Various economists have noted that the Social Security system may give the elderly an incentive to retire earlier than they otherwise would. In a recent NBER study, Social Security and Retirement in the U.S. (NBER Working Paper No. 6097), Research Associates Peter Diamond and Jonathan Gruber find that for early retirees, the system does not have much of an effect on incentives to work, but it imposes stiff penalties on work past age 65.
Diamond and Gruber note that the Social Security benefit that a worker receives is related positively, in a complicated way, to the average earnings of the worker in his or her 35 years of highest real earnings. They compute the present value--the value in the present of all future Social Security benefits minus future Social Security taxes--for workers at each age. They call this value the worker's social security wealth (SSW). They then compute the change in SSW for each additional year of work.
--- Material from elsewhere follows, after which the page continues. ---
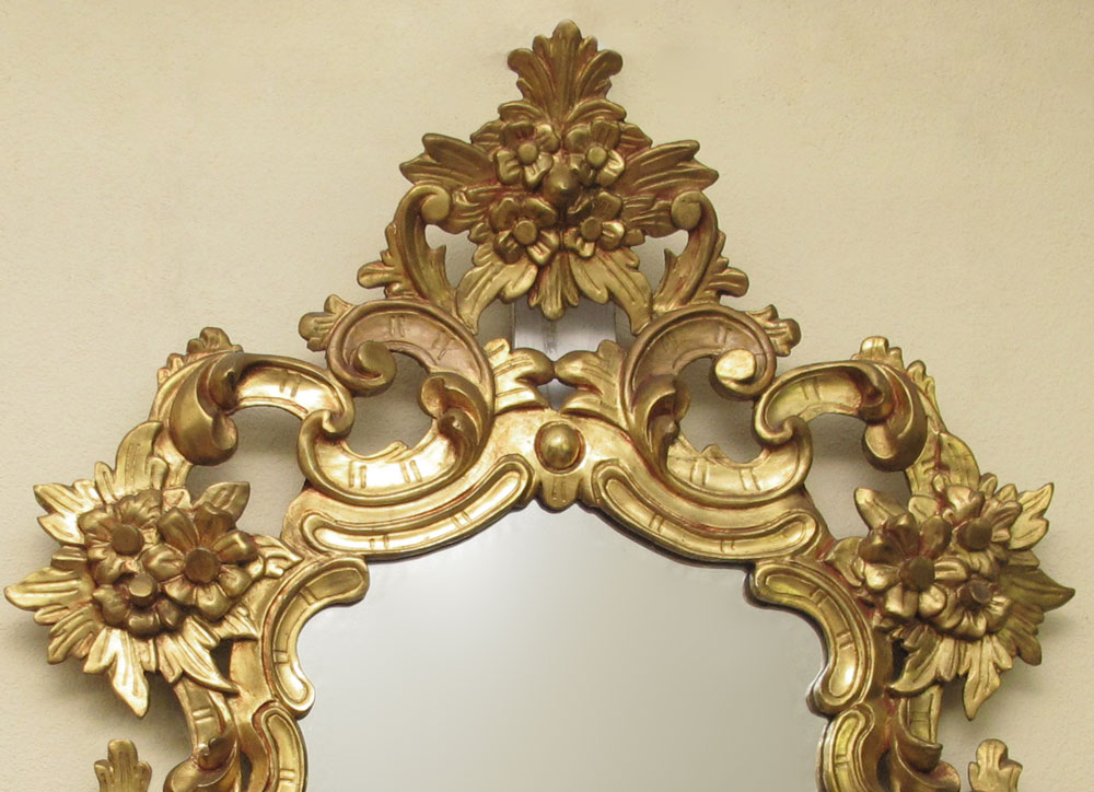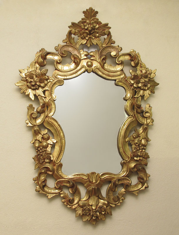 CARVED GILT WOOD MIRROR: Gilt carved frame with floral motif. Approx 53'' h. x 36''.

For median-earning married males aged 56 to 61, the researchers find, there is a net "tax" on earning. This is driven primarily by the Social Security payroll taxes that the worker pays on earnings, taxes that are not offset in present value dollars by the added benefits which the worker qualifies to receive. The most surprising conclusion in this study is that a worker who works one year after his 62nd birthday receives a net subsidy from the system for doing so, because the actuarial adjustment he receives for delaying claiming benefits more than offsets both the payroll tax and the fact that the worker is delaying receipt of benefits for one year. This is interesting, Diamond and Gruber note, because even though the system subsidizes work for 62-year-old median-earning males, the male retirement rate jumps at age 62.
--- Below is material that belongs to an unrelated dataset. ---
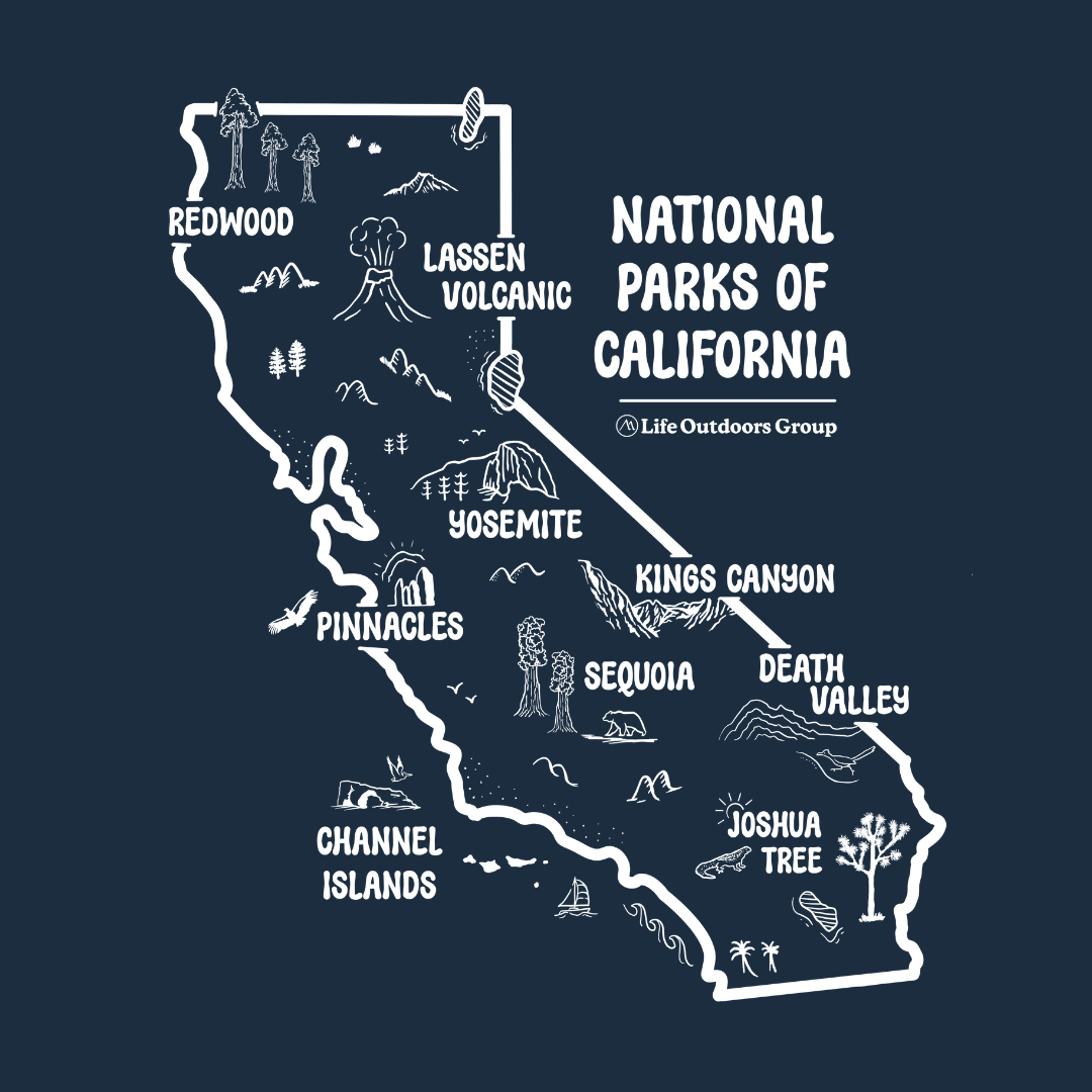 This t-shirt features a hand drawn map of California state, showcasing its stunning array of National Parks and unique icons.

The net "tax" jumps dramatically for a typical male employee who works in the year following his 65th birthday. Working during that year reduces his SSW by $2,450, which is almost 19 percent of what he would earn that year. Not surprisingly, almost 25 percent of men who worked the previous year retire in the year after they reach their 65th birthday. A man with average earnings who works in the year following his 69th birthday faces a net Social Security "tax" rate of more than 45 percent on his earnings that year.
Diamond and Gruber also perform the calculations for high-income and low-income males and for single males. They find that the age pattern and amount of disincentive varies according to income and marital status; for single workers, the implicit tax on work is much higher than for other groups.